■ Task statement
All entries below are to be returned exactly, with pictures left out.

■ Supplied records
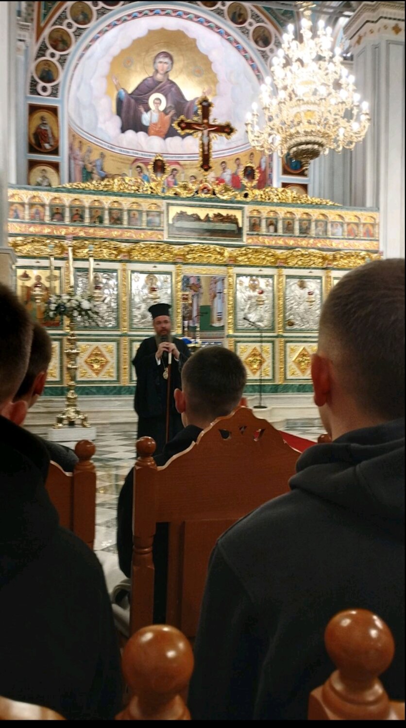 Στον Μητροπολιτικό ναό της πόλης, Άγιο Σπυρίδωνα, τους υποδέχτηκε θερμά ο Σεβασμιώτατος Μητροπολίτης Αιτωλίας και Ακαρνανίας κ.κ. Δαμασκηνός, ο οποίος τους μίλησε για την πνευματική και ιστορική παρακαταθήκη της πόλης, μοιράζοντας σε όλους αναμνηστικά ενθύμια της επίσκεψής τους. Αξίζει να σημειωθεί ότι το διήμερο 28 Φεβρουαρίου και 1 Μαρτίου, ο Σεβασμιώτατος Μητροπολίτης Αιτωλίας και Ακαρνανίας κ.κ. Δαμασκηνός, ανταποκρινόμενος στη πρόσκληση του Σεβασμιωτάτου Μητροπολίτου Ελασσώνος κ. Χαρίτωνος, είχε μεταφέρει στην Τσαριτσάνη, στον Ιερό Ναό Κοιμήσεως της Θεοτόκου, τον Τίμιο Σταυρό του Εθνομάρτυρα Επισκόπου Ρωγών, με τον οποίο ο Ιωσήφ Ρωγών ευλογούσε τους αγωνιστές κατά την πολιορκία του Μεσολογγίου και τη νύχτα της Εξόδου.
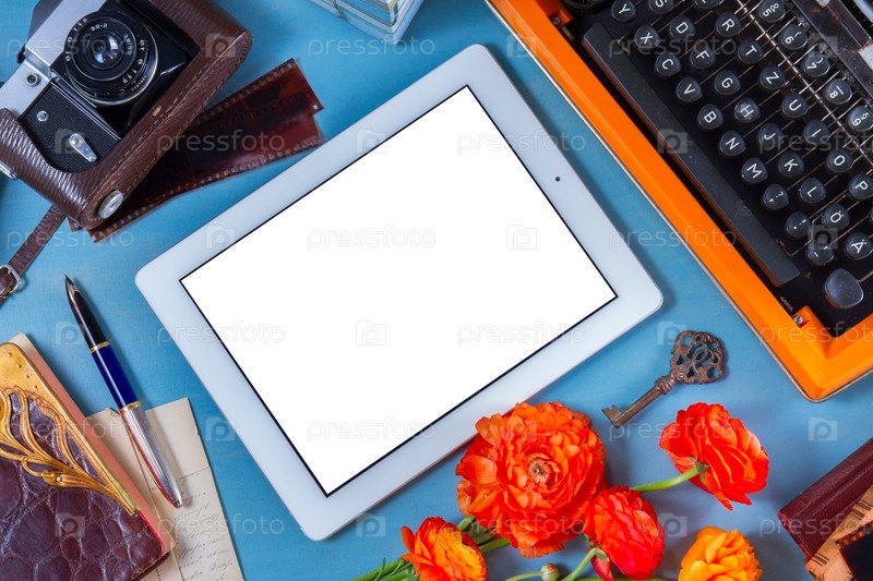 Рабочее место с винтажной оранжевой пишущей машиной
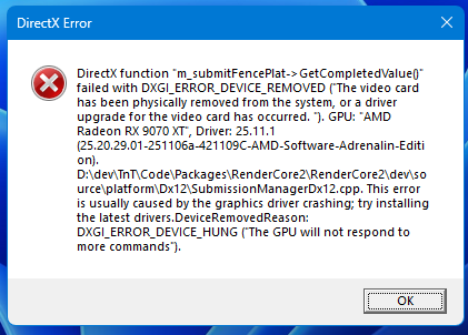 DXGI_ERROR_DEVICE_REMOVED ADRENALIN 25.11.1
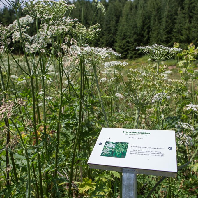 Alle Gewächse, die entlang des Weges wachsen, wurden nicht gepflanzt. Wildwachsende Kräuter sind widerstandsfähiger als gepflanzte und werden deshalb in den Wäldern und Wiesen rund um Serfaus-Fiss-Ladis nicht so schnell verschwinden.
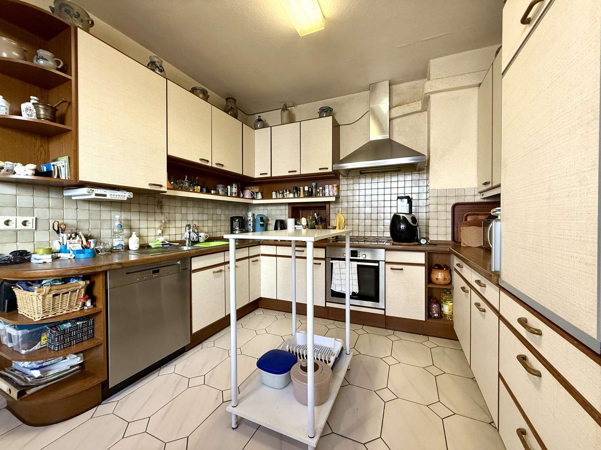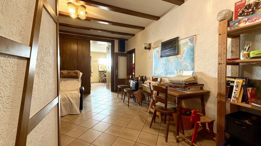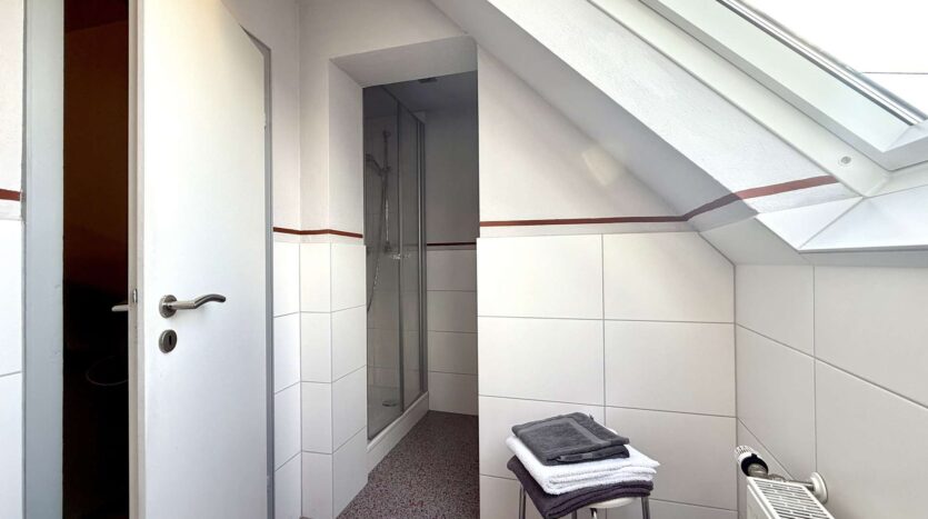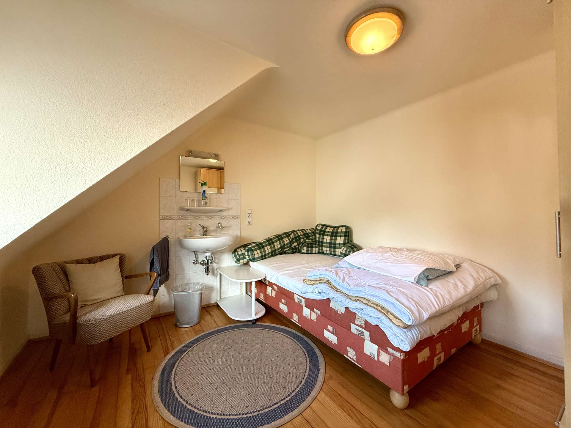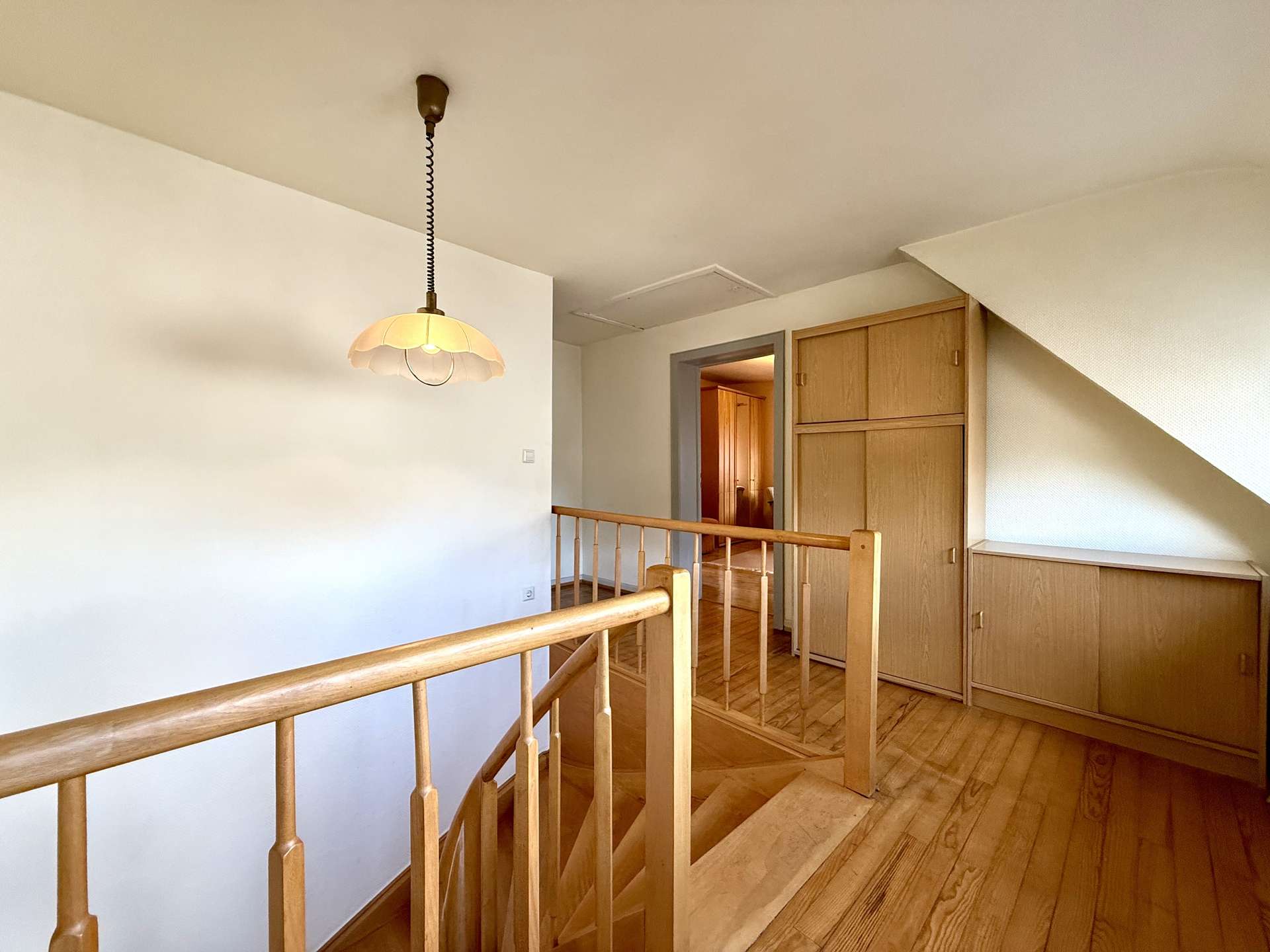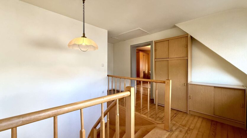 Der gedämmte Speicher ist über eine Zugtreppe erreichbar und bietet zusätzlichen Stauraum. Ein weiterer Kaminanschluss ist vorhanden und ermöglicht den Anschluss einer Ofenheizung.

■ Answer to this task
 Στον Μητροπολιτικό ναό της πόλης, Άγιο Σπυρίδωνα, τους υποδέχτηκε θερμά ο Σεβασμιώτατος Μητροπολίτης Αιτωλίας και Ακαρνανίας κ.κ. Δαμασκηνός, ο οποίος τους μίλησε για την πνευματική και ιστορική παρακαταθήκη της πόλης, μοιράζοντας σε όλους αναμνηστικά ενθύμια της επίσκεψής τους. Αξίζει να σημειωθεί ότι το διήμερο 28 Φεβρουαρίου και 1 Μαρτίου, ο Σεβασμιώτατος Μητροπολίτης Αιτωλίας και Ακαρνανίας κ.κ. Δαμασκηνός, ανταποκρινόμενος στη πρόσκληση του Σεβασμιωτάτου Μητροπολίτου Ελασσώνος κ. Χαρίτωνος, είχε μεταφέρει στην Τσαριτσάνη, στον Ιερό Ναό Κοιμήσεως της Θεοτόκου, τον Τίμιο Σταυρό του Εθνομάρτυρα Επισκόπου Ρωγών, με τον οποίο ο Ιωσήφ Ρωγών ευλογούσε τους αγωνιστές κατά την πολιορκία του Μεσολογγίου και τη νύχτα της Εξόδου.
 Рабочее место с винтажной оранжевой пишущей машиной
 DXGI_ERROR_DEVICE_REMOVED ADRENALIN 25.11.1
 Alle Gewächse, die entlang des Weges wachsen, wurden nicht gepflanzt. Wildwachsende Kräuter sind widerstandsfähiger als gepflanzte und werden deshalb in den Wäldern und Wiesen rund um Serfaus-Fiss-Ladis nicht so schnell verschwinden.
 Der gedämmte Speicher ist über eine Zugtreppe erreichbar und bietet zusätzlichen Stauraum. Ein weiterer Kaminanschluss ist vorhanden und ermöglicht den Anschluss einer Ofenheizung.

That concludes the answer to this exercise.